Fireworks AI → OpenObserve
Automatically capture token usage, latency, and model metadata for every Fireworks AI inference call in your Python application. Fireworks AI exposes an OpenAI-compatible API, so instrumentation uses the standard OpenAI instrumentor pointed at the Fireworks endpoint.
Prerequisites
- Python 3.9+
- An OpenObserve account (cloud or self-hosted)
- Your OpenObserve organisation ID and Base64-encoded auth token
- A Fireworks AI API key
Installation
Configuration
Create a .env file in your project root:
# OpenObserve instance URL
# Default for self-hosted: http://localhost:5080
OPENOBSERVE_URL=https://api.openobserve.ai/
# Your OpenObserve organisation slug or ID
OPENOBSERVE_ORG=your_org_id
# Basic auth token — Base64-encoded "email:password"
OPENOBSERVE_AUTH_TOKEN=Basic <your_base64_token>
# Fireworks AI API key
FIREWORKS_API_KEY=your-fireworks-api-key
Instrumentation
Call OpenAIInstrumentor().instrument() before creating the OpenAI client. Point the client at the Fireworks AI base URL and pass your Fireworks API key.

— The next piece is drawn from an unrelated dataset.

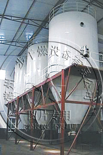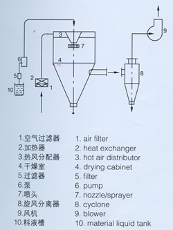 空氣經(jīng)過濾和加熱,進(jìn)入干燥器頂部空氣分配器,熱空氣呈螺旋狀均勻地進(jìn)入干燥室。料液經(jīng)塔體頂部的高速離心霧化器,(旋轉(zhuǎn))噴霧成極細(xì)微的霧狀液珠,與熱空氣并流接觸在極短的時間內(nèi)可干燥為成品。成品連續(xù)地由干燥塔底部和旋風(fēng)分離器中輸出,廢氣由風(fēng)機排空。
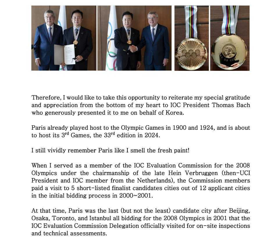필자는 “Reminiscences of Paris and Tribute to the Former French President Jacques Chirac who loved most the Olympic Games in Paris”란 제목의 Paris와 관련된 추억과 에피소드를 진솔하게 기술하였는데 2008년 올림픽유치심사를 위한 IOC평가위원회 위원의 한 사람으로 특히 Paris에서 현장실사 및 회의에서 경험했던 여러 가지 정담과 당시 Jacques Chirac프랑스 대통령 궁(Palais d”Elysee)예방 시 대통령이 칭찬하였던 제 불어 어휘에 대한 일화도 소개하였습니다.

from dotenv import load_dotenv
load_dotenv()
from openinference.instrumentation.openai import OpenAIInstrumentor
from openobserve import openobserve_init
OpenAIInstrumentor().instrument()
openobserve_init()
import os
from openai import OpenAI
client = OpenAI(
api_key=os.environ["FIREWORKS_API_KEY"],
base_url="https://api.fireworks.ai/inference/v1",
)
response = client.chat.completions.create(
model="accounts/fireworks/models/llama-v3p3-70b-instruct",
messages=[{"role": "user", "content": "Explain distributed tracing in one sentence."}],
)
print(response.choices[0].message.content)
What Gets Captured
| Attribute | Description |
|---|---|
llm_model_name |
Model name (e.g. accounts/fireworks/models/llama-v3p3-70b-instruct) |
llm_provider |
fireworks |
llm_system |
openai (the client library used) |
llm_token_count_prompt |
Tokens in the prompt |
llm_token_count_completion |
Tokens in the response |
llm_token_count_total |
Total tokens consumed |
llm_token_count_prompt_details_cache_read |
Prompt tokens served from cache |
openinference_span_kind |
LLM |
operation_name |
ChatCompletion |
duration |
End-to-end request latency |
span_status |
OK or error status |
Viewing Traces
- Log in to OpenObserve and navigate to Traces
- Click any span to inspect token counts and request metadata
- Filter by
llm_model_nameto compare latency across different Fireworks models

Next Steps
With Fireworks AI instrumented, every inference call is recorded in OpenObserve. From here you can monitor latency across open-source model variants, track token consumption, and identify slow or failing requests.